Apoorva Mahendru, Kanishk Gomes, Mayurakshi Dutta, Noopur, Pravas Ranjan Mishra

Oxfam International's annual inequality report makes for stark reading. The India supplement, part of the main report, states that the top 1 percent of Indians own nearly 40.6 percent of the total wealth in the nation. In contrast to this, half the population, the bottom 50 percent, own only 3 percent of wealth. While India still has the world’s highest number of poor at 228.9 million, the number of billionaires increased from 102 in 2020 to 166 in 2022. Here are some other startling figures: The combined wealth of India’s 100 richest has touched Rs. 54.12 lakh crore, while the wealth of the top 10 stands at INR 27.52 lakh crore – a 32.8 per cent rise from 2021.  

In 2019 the Union Government reduced corporate income tax slabs from 30 percent to 22 per cent. This resulted in a loss of Rs. 1.84 lakh crore and resulted in a 10 percent revision downwards of revenue estimates in 2019-20. To increase revenue, the Union Government hiked the Goods and Services Tax and excise duties on diesel and petrol. The indirect nature of both the GST and fuel taxes make them regressive, which invariably burdens the most marginalized. In 2020-21, the projected revenue foregone from incentives and tax exemptions to corporates was Rs. 1.03 lakh crore, which is slightly more than the allocation towards the Mahatma Gandhi National Rural Employment Guarantee Act (MGNREGA). The failure to tax rich people and corporations fairly is a missed opportunity to reduce inequality.

Oxfam India recommends the folowing:

* Taxing the wealth of the richest 1 per cent. The wealthiest elites have undue influence over policy making and politics, which allow them to accrue even more wealth. This means taxing the net wealth of the top 1 percent on a permanent basis.

* Easing the tax burden on the poor and the marginalized. The government should reduce the GST slabs on essential commodities and hike taxes on luxury goods. 
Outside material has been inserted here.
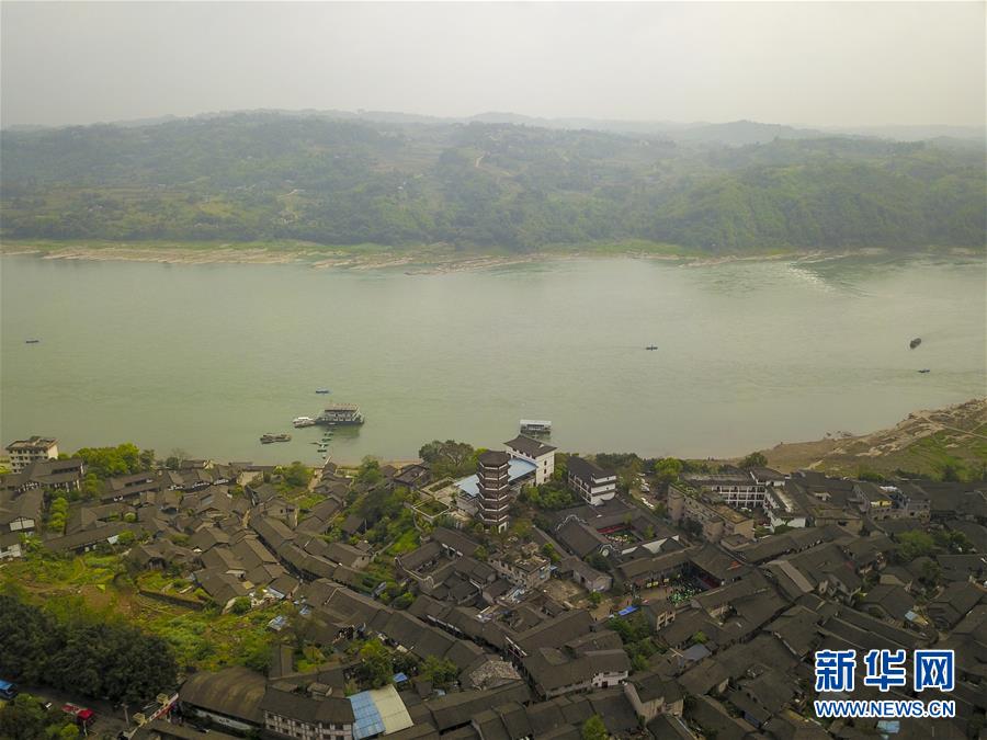 紧邻长江的松溉古镇(4月4日无人机拍摄)。松溉古镇位于重庆市永川区,有着“一品古镇,十里老街,百年风云,千载文脉,万里长江”的美誉。2008年松溉古镇入选第四批国家级历史文化名镇。新华社记者 刘潺 摄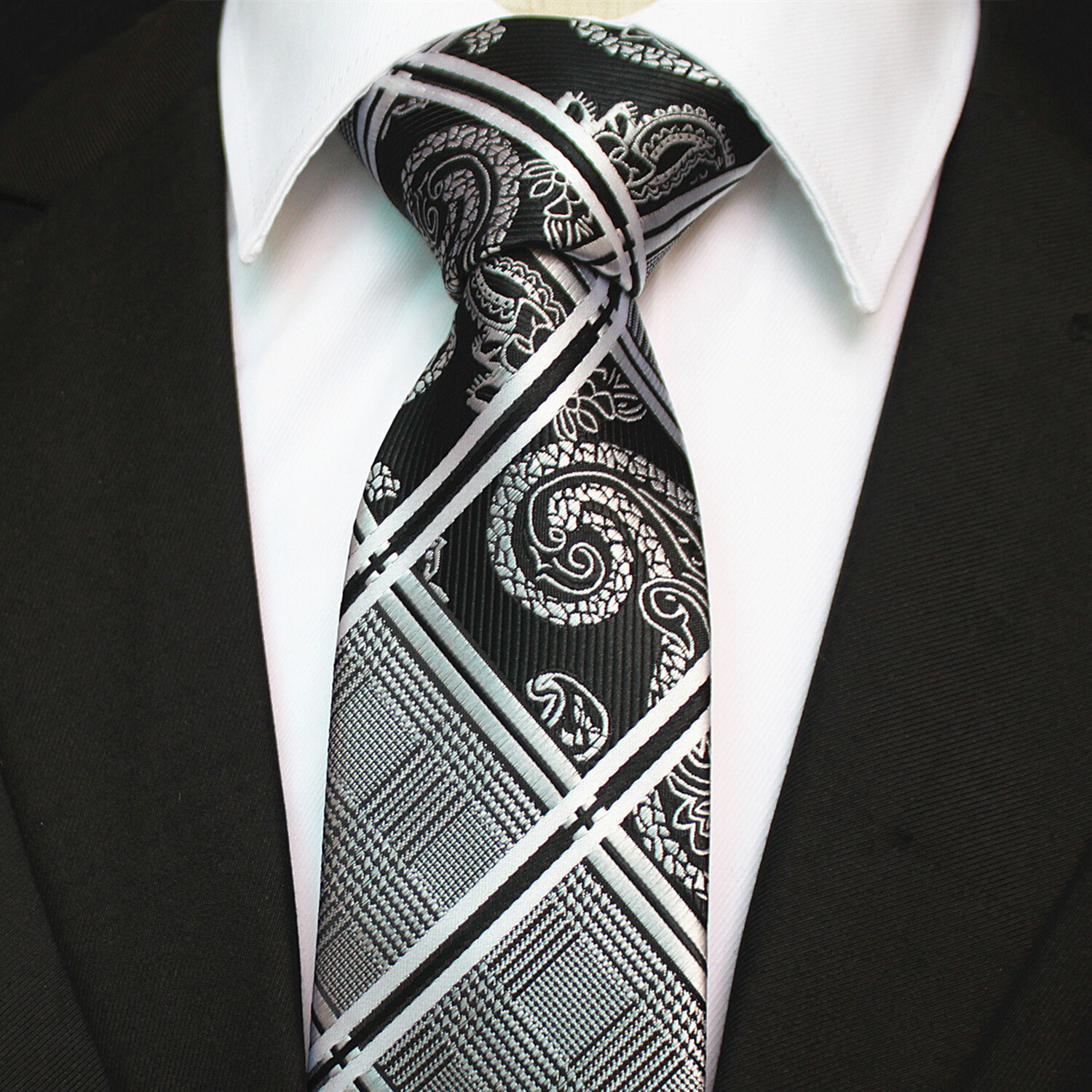 Silk Neck Tie // Black + White Paisley

* Enhance the budgetary allocation for health to 2.5 percent of GDP by 2025, as envisaged in the National Health Policy, to reinvigorate the public healthcare system. 

* Enhance the budgetary allocation for education to a global benchmark of 6 percent of GDP, as committed in the National Education Policy. The government must frame a year wise financial roadmap to achieve the 6 per cent mark. 

* Strengthen safety nets and bargaining power of labour. Inflation hurts the poor and middle class more. 90 percent of India’s labour force in the informal economy is without any safety net to
 protect them from the heavy blows to the economy. To this end, it is essential to ensure social protection for our workforce.